About a year ago, I finally brought several boxes of stuff home from the closet at my parents’ house where I’d stuffed them (the boxes, not my parents) sometime during my college years in the mid-’90s when I was ready to pack up my childhood but not quite prepared to chuck it all. I’ve been going through everything slowly—rediscovering some old ’80s treasures (hello, rainbow Trapper Keeper, pizza and dill pickle Scratch ‘n’ Sniff stickers and Swatches!) but also realizing that I held on to lots of stuff for wayyyy too long (multiple school passes calling me down to the counselor’s office? Why?).

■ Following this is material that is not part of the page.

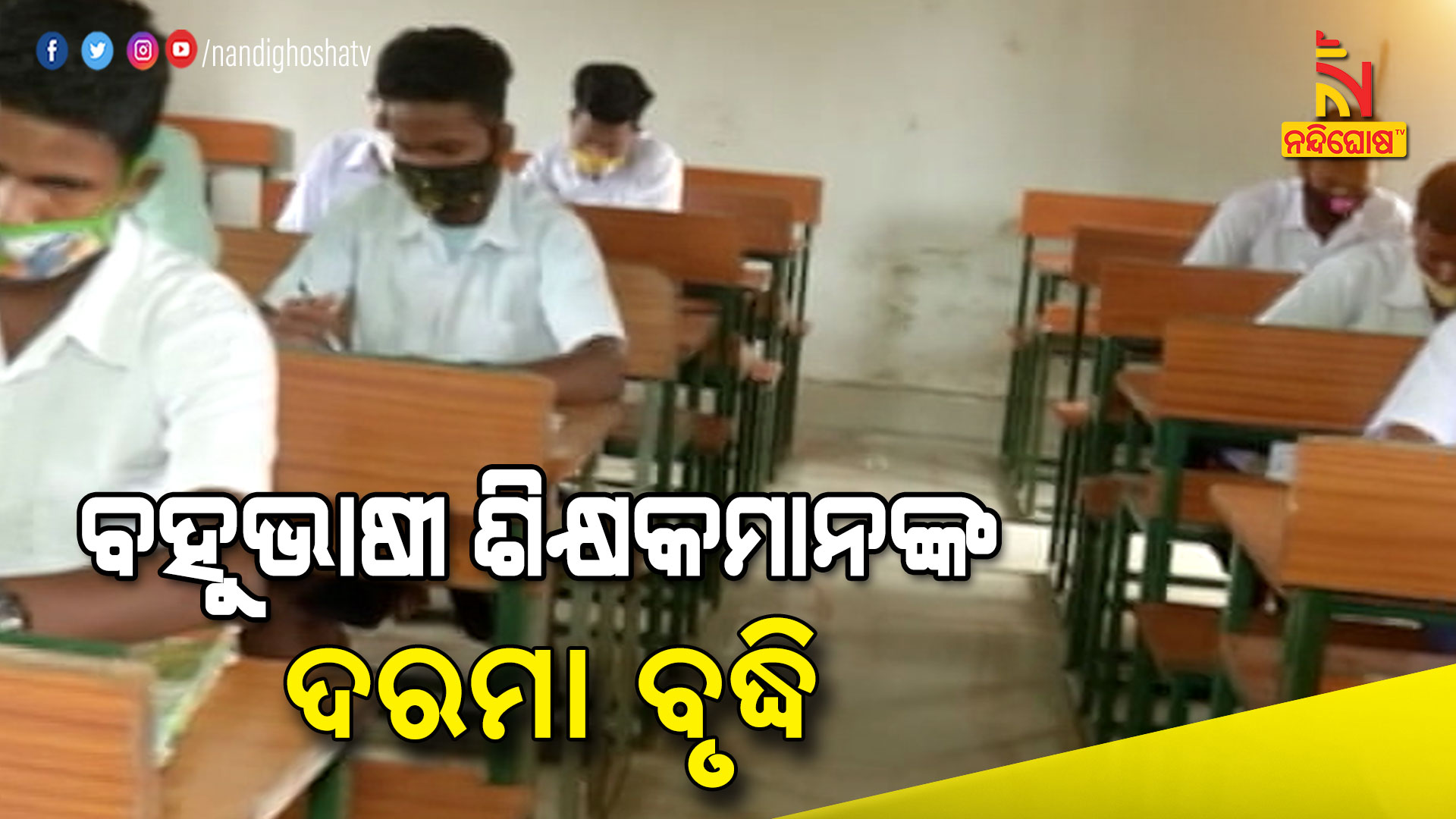 ଭୁବନେଶ୍ୱର: ବହୁଭାଷୀ ଶିକ୍ଷକମାନଙ୍କ ଦରମା ବୃଦ୍ଧି । ରାଜ୍ୟ ସରକାର ବହୁଭାଷୀ ଶିକ୍ଷକମାନଙ୍କୁ ଉତ୍ସାହିତ କରିବା ପାଇଁ ସେମାନଙ୍କ ମାସିକ ଦରମା ୩୨୦୦ ଟଙ୍କାରୁ ୫୩୭୯ ଟଙ୍କାକୁ ବୃଦ୍ଧି କରିଛନ୍ତି । ବର୍ତ୍ତମାନ ପରିସ୍ଥିତିରେ ମାସିକ ୩୨୦୦ ଟଙ୍କାରେ ବହୁଭାଷୀ ଶିକ୍ଷକମାନେ ଅସୁବିଧାରେ ଚଳୁଥିଲେ । ସେମାନେ ନିଜର ଦାୟିତ୍ବକୁ ସୁଚାରୁରୂପେ ନିର୍ବାହ କରୁଥିବାରୁ ରାଜ୍ୟ ସରକାର ଏହି ନିଷ୍ପତ୍ତି ନେଇଛନ୍ତି ।

After sorting through all of it, I found myself left with several shoeboxes full of notes from my middle and high school friends. Elaborately folded and often multi-colored, they bear witness to the pre-digital days when we had to use pens and paper to write down the things we wanted to say to each other. And we had SO MUCH to say. Reading through these artifacts of my youth, I was reminded of classmates I hadn’t thought of in decades, crushes I thought I’d never get over, teachers who just weren’t fair, and endless inside jokes. I smiled, cringed, and then did a fair bit of cyberstalking. (LinkedIn proved unexpectedly fruitful.)
All of this feels especially relevant right now because my 11-year-old daughter is days away from starting middle school. She just got her first phone; instead of handfuls of folded paper, she and her friends exchange texts, YouTube videos, and memes, but it serves the same purpose. And what I keep thinking about, as these girls I’ve known since they were tiny kindergartners take this giant leap together, is that I hope it’s easier for them than it was for me. All my dusty memories of slights real and imagined, hopes raised and dashed, and gossip shared and received have inspired me to share a few bits of advice for my rising 6th grader (whether she’ll listen is a whole other matter):
1. Be Kind: You don’t have to be friends with everyone, but if you treat everyone with kindness, you’ll have better memories and fewer regrets.
I said some nasty things about other people in some of the notes I found buried in my boxes, and it made me sad to think that I wasted time (and ink) on petty resentments.
2. Be Inclusive: Make sure everyone feels welcome—to your conversations, your lunch table, your activities. I felt left out so often as a teenager. A lot of that was my insecurity, but some of it was my friends just not thinking about how their actions and decisions affected others. Totally on point for teens, but still hard. And in today’s world of social media and FOMO, it’s worse than ever.
3. Give Yourself a Break: Nobody expects you to be perfect except you, and you’re going to make mistakes; try to accept them with grace and learn from them. There were far too many times when my friends and I ran ourselves down for being stupid, clueless, or unworthy when we should have been looking for opportunities to support and praise each other.
4. Stay in Touch: Believe it or not, someday you’ll want to remember these years with the people you lived through them with. My trip down memory lane has included people I barely remember (but was close enough to at the time to exchange long rants about French class?), but it has also made me think nostalgically about once-close friends I let slip away. And it turns out you can’t find everyone online decades later (even on LinkedIn).
5. Remember: None of This Is Important (But, Also, It’s All Important): I know how huge everything feels right now—and I will do my best to remember that if you also believe me when I tell you that it’s temporary. The she-said-WHAT?! outrage. The you-went-to-the-movies-without-me pain. The they-asked-someone-else-to-the-dance heartbreak. The I-lost-the-student-council-election-because-my-opponent-got-the-vice-principal-to-fudge-the-sign-up-deadline disappointment. (Wait, that last one didn’t happen to everyone?) There are so many things I wish I could tell my teenage self to skip the tears about and maybe read a good book instead. But I remember how big it all felt then—and I will be ready with tissues when my daughter inevitably goes through it, too. And then we might talk a little smack about some of the other kids. Because when all is said and done, it is middle school. But it’s not forever.